------ DATA RECORDS ------
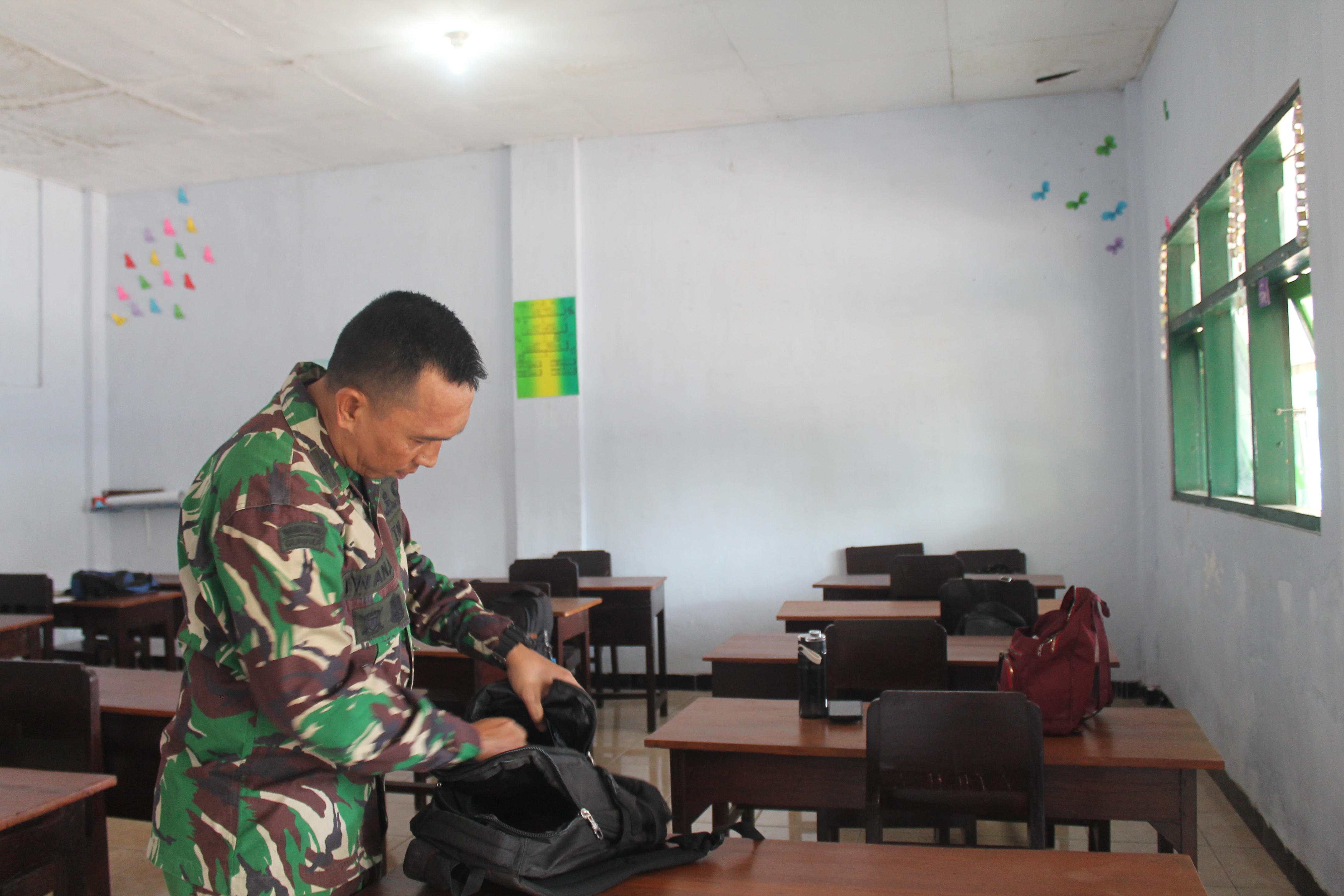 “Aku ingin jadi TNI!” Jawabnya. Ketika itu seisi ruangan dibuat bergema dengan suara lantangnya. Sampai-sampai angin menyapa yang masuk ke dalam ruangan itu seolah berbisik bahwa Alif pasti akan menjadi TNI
------
------ DATA RECORDS ------
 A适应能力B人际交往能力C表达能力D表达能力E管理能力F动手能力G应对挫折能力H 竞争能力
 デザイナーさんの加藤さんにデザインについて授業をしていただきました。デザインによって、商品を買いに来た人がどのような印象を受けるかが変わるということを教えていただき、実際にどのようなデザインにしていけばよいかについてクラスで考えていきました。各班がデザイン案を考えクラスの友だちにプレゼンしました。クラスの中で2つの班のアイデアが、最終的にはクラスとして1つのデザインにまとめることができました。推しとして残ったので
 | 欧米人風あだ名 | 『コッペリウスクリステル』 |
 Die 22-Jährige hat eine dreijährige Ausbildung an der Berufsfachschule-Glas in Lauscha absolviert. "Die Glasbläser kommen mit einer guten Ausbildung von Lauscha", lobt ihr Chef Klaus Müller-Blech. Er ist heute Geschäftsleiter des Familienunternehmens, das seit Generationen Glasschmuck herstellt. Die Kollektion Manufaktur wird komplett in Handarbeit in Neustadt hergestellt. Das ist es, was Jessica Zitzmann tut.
------
------ DATA RECORDS ------
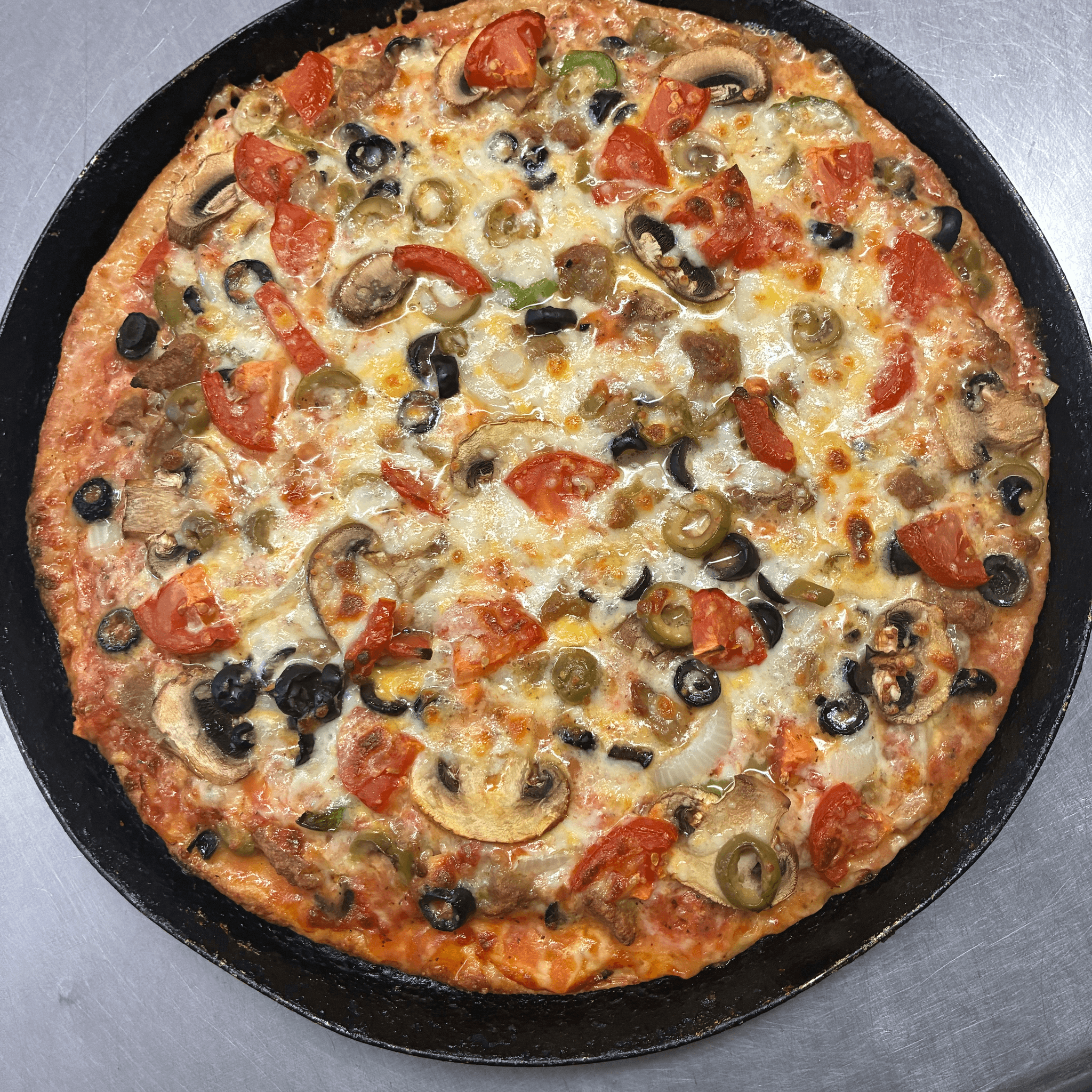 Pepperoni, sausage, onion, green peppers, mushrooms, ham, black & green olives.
------
• _ACTIVITY_: Above are the entries. Output exactly the lines beginning with the line that has "欧米人風あだ名 | 『コッペリウスクリステル』 |" and ending with the line that has "Die 22-Jährige hat".

• _SOLUTION TO THIS TASK_:
 | 欧米人風あだ名 | 『コッペリウスクリステル』 |
 Die 22-Jährige hat eine dreijährige Ausbildung an der Berufsfachschule-Glas in Lauscha absolviert. "Die Glasbläser kommen mit einer guten Ausbildung von Lauscha", lobt ihr Chef Klaus Müller-Blech. Er ist heute Geschäftsleiter des Familienunternehmens, das seit Generationen Glasschmuck herstellt. Die Kollektion Manufaktur wird komplett in Handarbeit in Neustadt hergestellt. Das ist es, was Jessica Zitzmann tut.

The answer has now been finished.